Mathematical models can be mechanistic
or empirical. A mechanistic model is one that is derived from more
fundamental principles. For example, we could use the laws of physics
to derive a mechanistic model that predicts the motion of a building
in an earthquake.
In many cases, a system is too complicated to predict from fundamental
principles. Almost anything to do with human behavior, such as economic
systems, will fall into this category. But many physical systems
can also be beyond mechanistic modeling. Some aspects of weather
prediction would be an example. In such cases, we use empirical
modeling. Literally, this means modeling based on experience. In
practice, an empirical mathematical model is an equation whose coefficients
are adjusted to match a given set of data.
Simple Linear Regression
One of the simplest examples and most familiar forms of empirical
model is the fitting of a straight line through some data. The equation
of a line is:
Y = a0 + a1 · X
For example, if we measured the flow of water in a stream and the
amount of rainfall in its catchment area over a period of time,
we might find that the stream flow was equal to a minimum dry weather
value, plus some amount that was proportional to how much rain fell
in the last 24 hours: Flow = a0 + a1 · (Rainfall) In this case,
the intercept a0 is the dry weather river flow (the flow when Rainfall
= 0), and the slope a1 is the constant of proportionality.

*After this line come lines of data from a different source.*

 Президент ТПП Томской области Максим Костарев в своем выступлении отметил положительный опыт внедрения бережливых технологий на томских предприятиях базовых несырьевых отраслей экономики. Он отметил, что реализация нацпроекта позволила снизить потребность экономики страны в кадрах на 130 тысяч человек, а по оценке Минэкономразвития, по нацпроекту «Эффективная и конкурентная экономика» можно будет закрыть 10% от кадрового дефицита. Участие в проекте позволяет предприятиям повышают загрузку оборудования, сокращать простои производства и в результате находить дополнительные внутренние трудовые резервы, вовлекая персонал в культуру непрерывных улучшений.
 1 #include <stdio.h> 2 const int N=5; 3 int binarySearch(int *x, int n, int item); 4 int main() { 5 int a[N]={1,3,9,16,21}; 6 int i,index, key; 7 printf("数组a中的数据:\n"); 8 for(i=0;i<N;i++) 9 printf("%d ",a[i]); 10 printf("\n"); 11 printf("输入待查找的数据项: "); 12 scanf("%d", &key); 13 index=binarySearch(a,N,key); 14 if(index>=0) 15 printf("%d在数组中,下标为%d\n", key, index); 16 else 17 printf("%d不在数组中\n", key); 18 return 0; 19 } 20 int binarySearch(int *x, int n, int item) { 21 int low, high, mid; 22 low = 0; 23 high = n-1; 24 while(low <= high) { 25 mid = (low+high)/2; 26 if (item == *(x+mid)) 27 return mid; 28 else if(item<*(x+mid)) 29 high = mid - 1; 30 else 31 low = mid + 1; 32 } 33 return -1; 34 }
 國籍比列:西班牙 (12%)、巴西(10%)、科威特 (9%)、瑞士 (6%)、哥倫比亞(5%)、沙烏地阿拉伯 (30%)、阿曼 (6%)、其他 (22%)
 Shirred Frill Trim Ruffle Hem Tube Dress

Simple linear regression is a mathematical technique that
determines the values of a0 and a1, give
a set of data showing the river flow and rainfall for a number of
days. This determination is called fitting the model. When
we fit a straight line to the data by linear regression, we are
assuming that the data can be well-described by a line. Regression
will give us the equation of a line whether or not that is the best
equation to use. The best way to see if the fit is a good one is
to look at a graph of the data and the fitted line.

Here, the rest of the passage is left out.